By the “intersection,” Mrs. Shadowalker is of course referring to the hallway where the main stairs meet with the literature and science wings. Because of the vast amount of foot traffic that takes place there, the students (and some staff) nicknamed it the intersection so as to not confuse it with the other stairs or lobbies. Norae’s opinion is one shared by many students and staff, such as Silver Discord, another volunteer Enchanter who frequently aids Borbonia Lewis, the committee chairperson for the Enchanter student council.

“When you attend a school as prestigious as AOA, there’s a level of independence that’s expected from you,” Silver pointed out. “I’m an alum–I remember what it was like. You guys are expected to act like adults even though you’re still technically children. You even have three different student councils, one for each classification, who are all expected to work together to make a case to the school board regarding issues such as these. So to have someone like myself, a volunteer, come in and assist you when you’re expected to be independent can be disheartening.”

“I love Silver! I get along great with them,” Borbonia said. “I actually don’t need their assistance everyday–some days I feel fine, but other days my ALS makes the stairs feel like I’m climbing Mount Everest. The faculty always suggests that I just stay home and have my parents request my school assignments from my professors, but why? I have to miss out on school occasionally when I’m stuck at a hospital overnight, but when the worst is stiff legs and slurring my words, why should I have to miss out on my high school experience? Let me bring my wheelchair. Let me see my friends and take part in committee meetings. Let me travel between floors without a helper.”

The bottom line:

Yes, the stairs can be a healthy alternative to an elevator, but that isn’t the case for everyone. Some students need elevators in order to attend classes on different floors without the help of a volunteer to levitate them or hoist them up and down stairs. We are a diverse, inclusive community of students and faculty, and we require diverse and inclusive options for travel.
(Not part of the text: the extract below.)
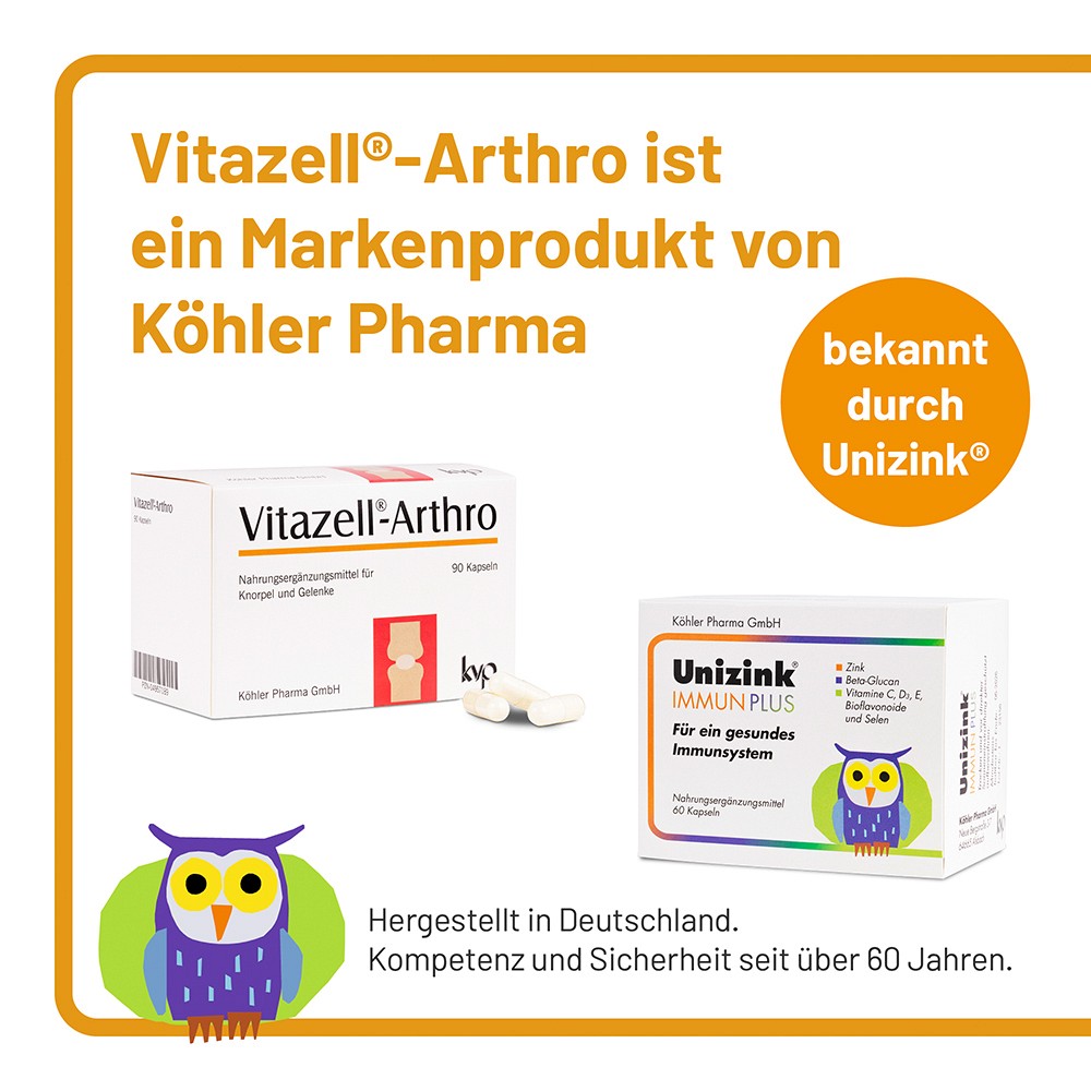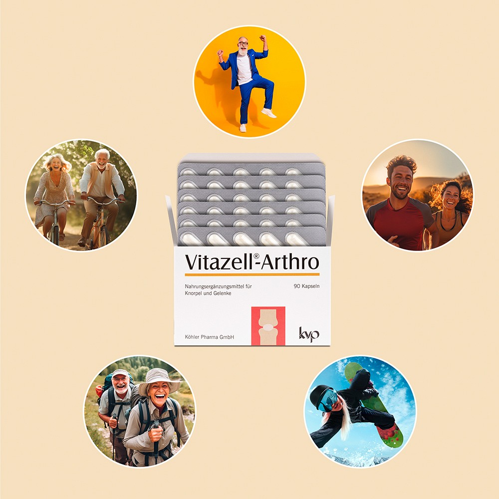 Das Nahrungsergänzungsmittel Vitazell®-Arthro enthält eine wertvolle Mikronährstoffkombination für Knorpel und Gelenke.

So go ahead and take the stairs–just stop expecting everyone else to take them with you, and don’t call them out on their “laziness.” You never know what someone is going through.

Stay healthy, Citizens!

Melusine Jordan

Managing Editor/Sports Desk
& Health Enthusiast

The information contained in this article is for educational and informational purposes only and is not intended as health or medical advice. Always consult a healer or other qualified health provider regarding any questions you may have about a medical condition or health objectives.